Haziran 24th, 2010 at 09:14Can dostum... Yazın çok güzel. Okurken duygulandım. Bu aralar aynı karmaşık duygular değişimler bende de mevcut. Hayat değişiyor,kişiler değişiyor,mekanlar değişiyor ama inşAllah bizler değişmeyiz. Yeni bir başlangıca "merhaba" diyeceğin bu zamanlarda inşAllah herşey ama herşey gönlünce olur.
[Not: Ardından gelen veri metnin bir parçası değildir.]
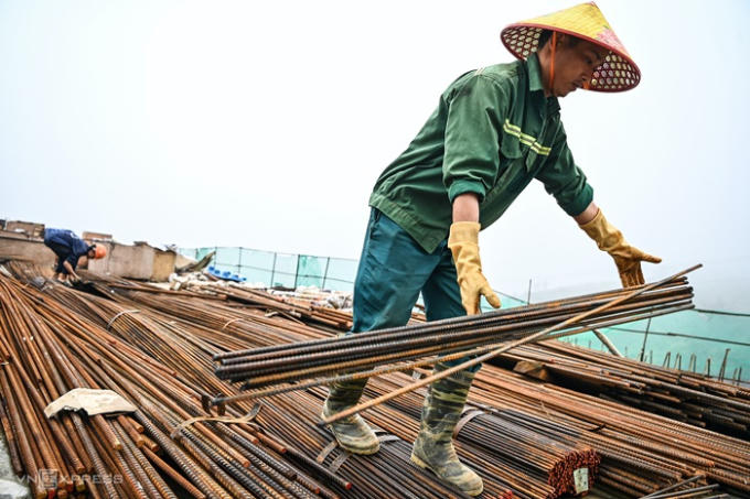 Nhóm công nhân khác đang thu dọn sắt, cốp pha sau khi phần việc xây dựng bê tông hoàn thành.

Hep mutlu ol...
Haziran 25th, 2010 at 13:12Canım arkadaşım ne de güzel yazmışsın öyle... yıllar sonra sana nasıl ulaşacağım diye düşünürken google'a ismini yazayım dedim ve inan çok mutlu oldum. aynı pipetten kola içtiğim, mektuplarını okuyup gözyaşı döktüğüm arkadaşım şimdi hangi limanlara demir atmış... çok sevindirdin beni... Allah yolunu açık etsin. GAİHL'DEN ASLI...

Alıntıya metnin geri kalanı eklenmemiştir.